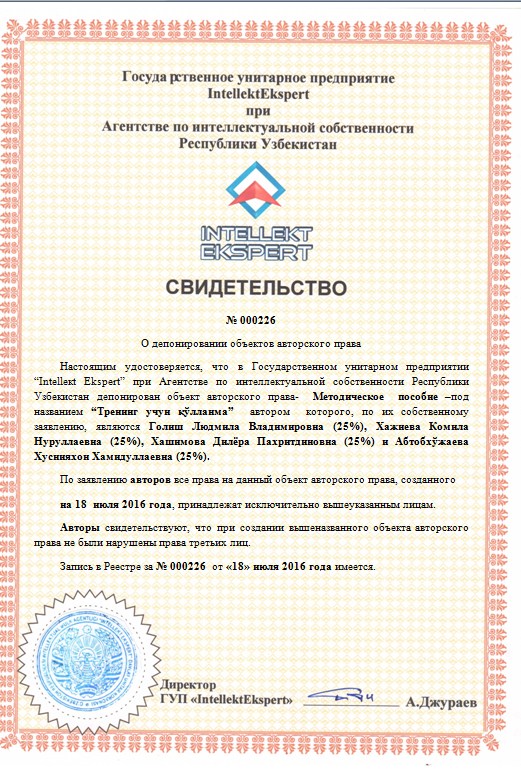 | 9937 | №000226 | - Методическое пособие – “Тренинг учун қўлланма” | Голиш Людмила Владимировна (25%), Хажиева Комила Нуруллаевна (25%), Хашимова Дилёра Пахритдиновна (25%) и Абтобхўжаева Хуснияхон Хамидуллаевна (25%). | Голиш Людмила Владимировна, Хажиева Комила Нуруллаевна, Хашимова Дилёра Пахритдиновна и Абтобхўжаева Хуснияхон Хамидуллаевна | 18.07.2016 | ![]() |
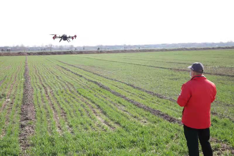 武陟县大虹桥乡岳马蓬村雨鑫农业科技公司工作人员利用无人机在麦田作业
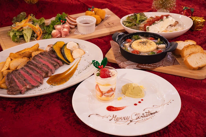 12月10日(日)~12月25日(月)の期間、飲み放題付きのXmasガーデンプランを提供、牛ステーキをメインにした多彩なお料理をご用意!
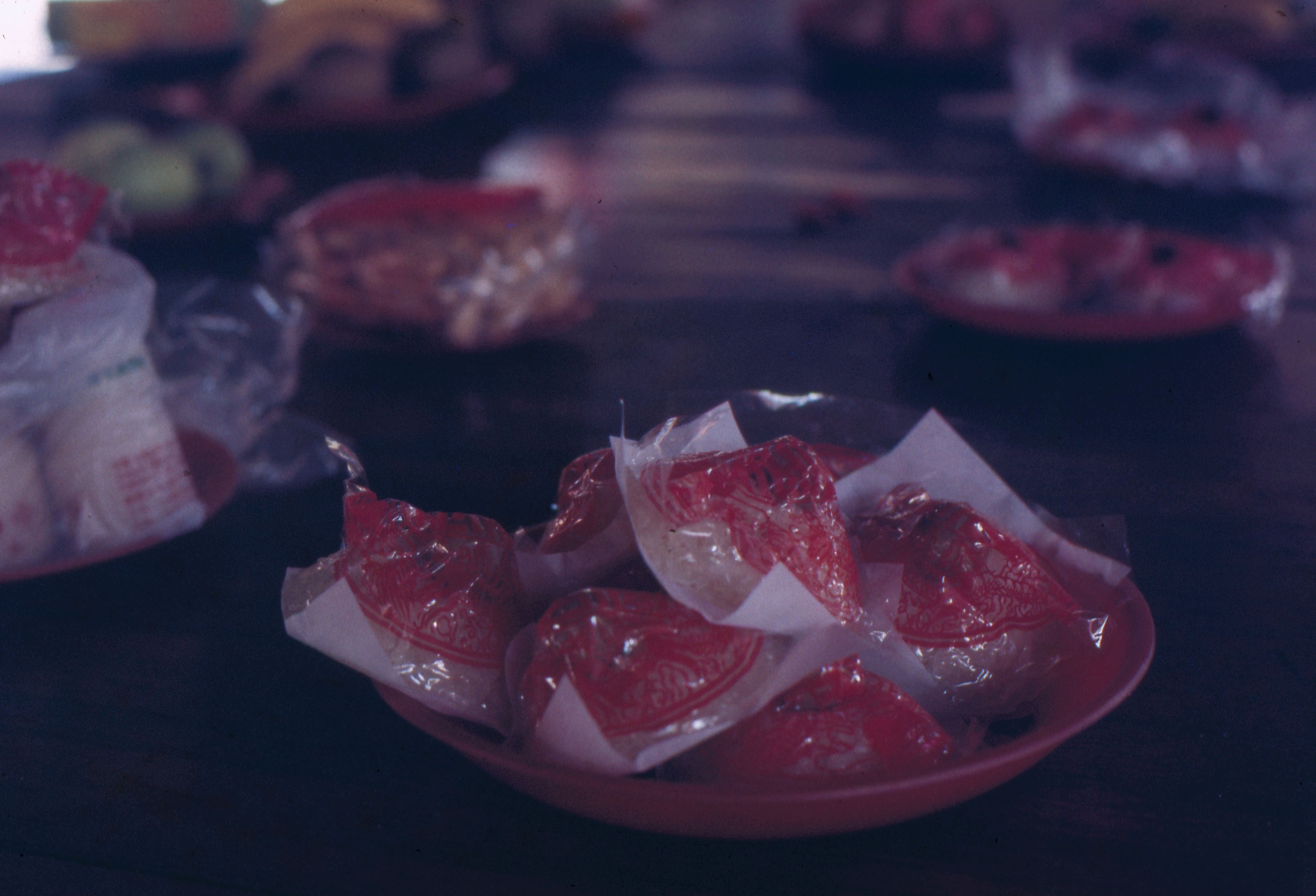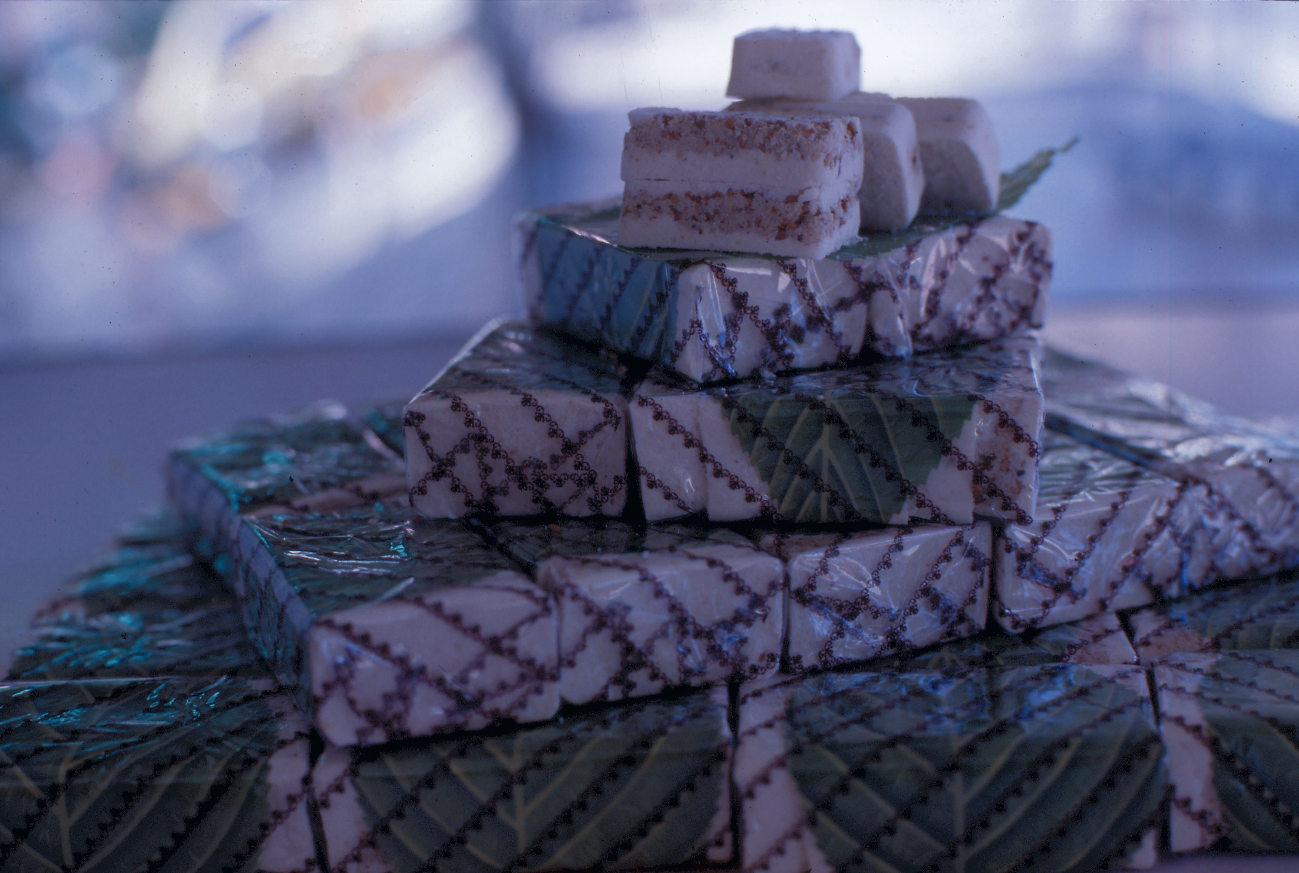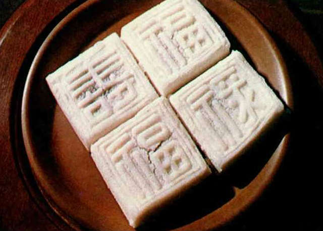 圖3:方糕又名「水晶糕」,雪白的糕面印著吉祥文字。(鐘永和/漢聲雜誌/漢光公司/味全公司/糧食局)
--
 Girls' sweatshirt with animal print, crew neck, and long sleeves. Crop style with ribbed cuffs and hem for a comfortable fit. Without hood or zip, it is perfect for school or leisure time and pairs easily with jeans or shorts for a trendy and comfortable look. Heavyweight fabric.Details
--
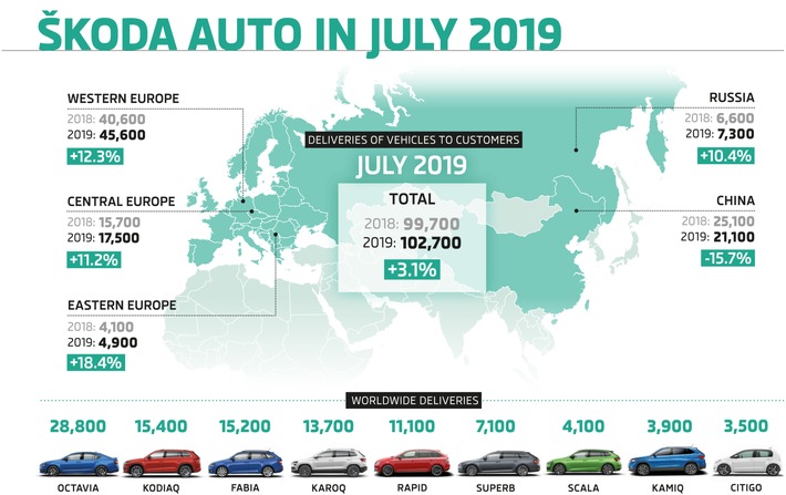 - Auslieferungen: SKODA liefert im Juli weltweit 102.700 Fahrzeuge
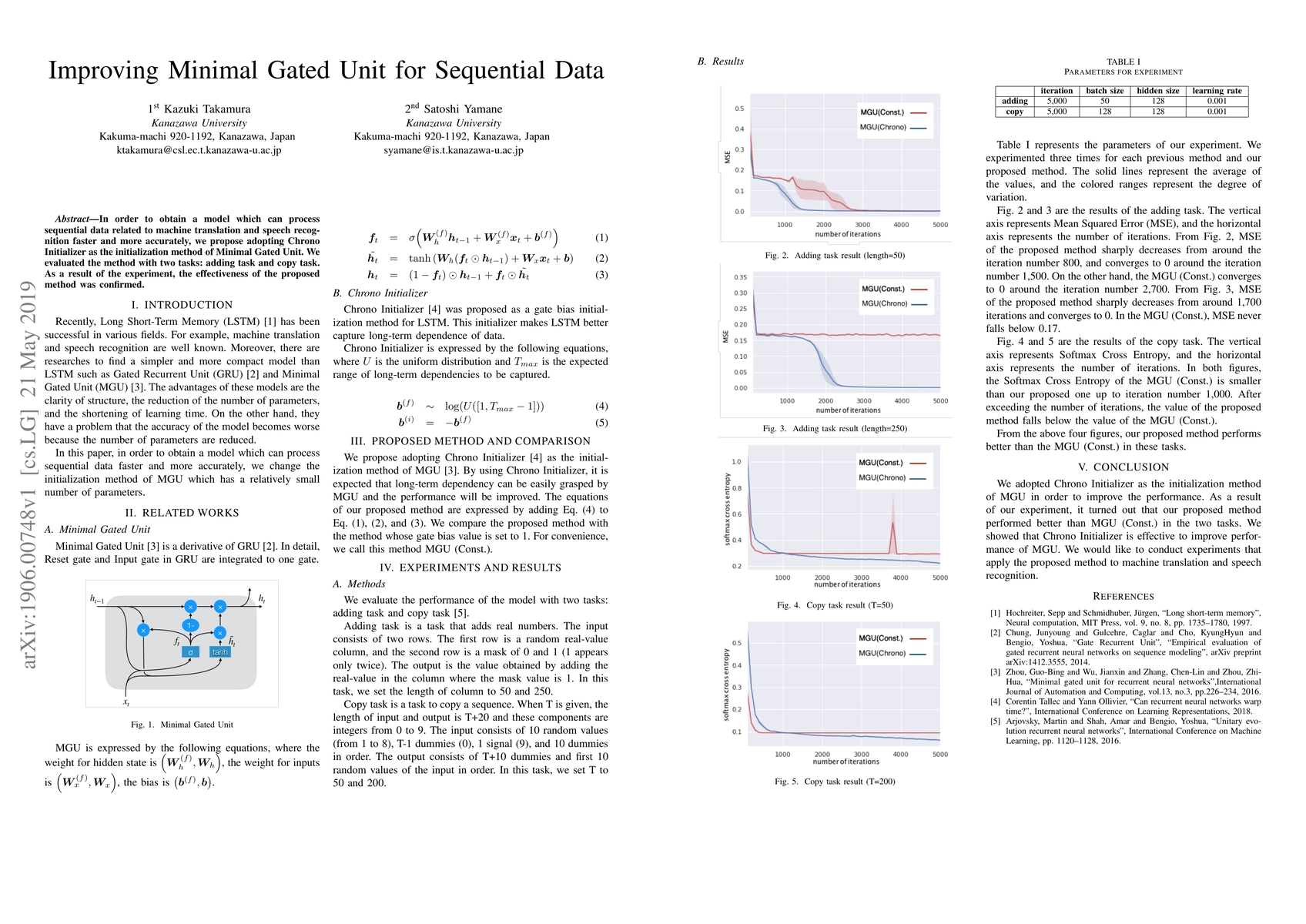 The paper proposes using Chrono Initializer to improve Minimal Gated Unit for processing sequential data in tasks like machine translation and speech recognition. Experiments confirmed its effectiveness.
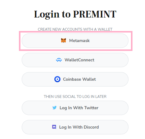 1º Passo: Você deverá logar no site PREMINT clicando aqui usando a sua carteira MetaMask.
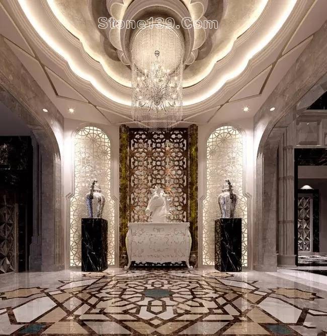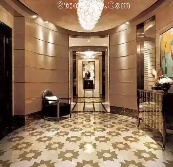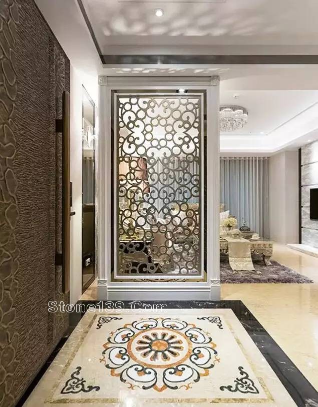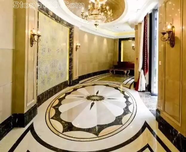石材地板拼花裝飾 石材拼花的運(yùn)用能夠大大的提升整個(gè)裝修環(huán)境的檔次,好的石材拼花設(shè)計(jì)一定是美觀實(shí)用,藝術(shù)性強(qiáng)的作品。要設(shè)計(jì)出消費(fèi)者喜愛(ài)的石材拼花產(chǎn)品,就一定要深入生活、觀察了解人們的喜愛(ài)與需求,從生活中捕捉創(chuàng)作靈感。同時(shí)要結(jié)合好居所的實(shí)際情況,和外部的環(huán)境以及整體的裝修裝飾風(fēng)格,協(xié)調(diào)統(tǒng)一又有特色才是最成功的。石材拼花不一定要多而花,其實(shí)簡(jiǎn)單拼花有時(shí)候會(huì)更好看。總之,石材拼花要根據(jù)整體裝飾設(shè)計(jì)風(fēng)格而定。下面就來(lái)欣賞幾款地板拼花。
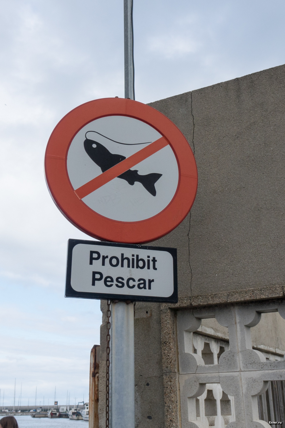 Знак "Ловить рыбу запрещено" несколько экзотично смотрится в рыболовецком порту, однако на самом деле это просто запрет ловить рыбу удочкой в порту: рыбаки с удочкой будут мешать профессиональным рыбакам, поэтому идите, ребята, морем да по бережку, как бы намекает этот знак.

* Problem description *
Start at the line containing "武陟县大虹桥乡岳马蓬村雨鑫农业科技公司工作人员利用无人机在麦田作业" above and stop at the line containing "圖3:方糕又名「水晶糕」,雪". Output those lines exactly, both included, but none of the pictures.

* Task output *
 武陟县大虹桥乡岳马蓬村雨鑫农业科技公司工作人员利用无人机在麦田作业
 12月10日(日)~12月25日(月)の期間、飲み放題付きのXmasガーデンプランを提供、牛ステーキをメインにした多彩なお料理をご用意!
 圖3:方糕又名「水晶糕」,雪白的糕面印著吉祥文字。(鐘永和/漢聲雜誌/漢光公司/味全公司/糧食局)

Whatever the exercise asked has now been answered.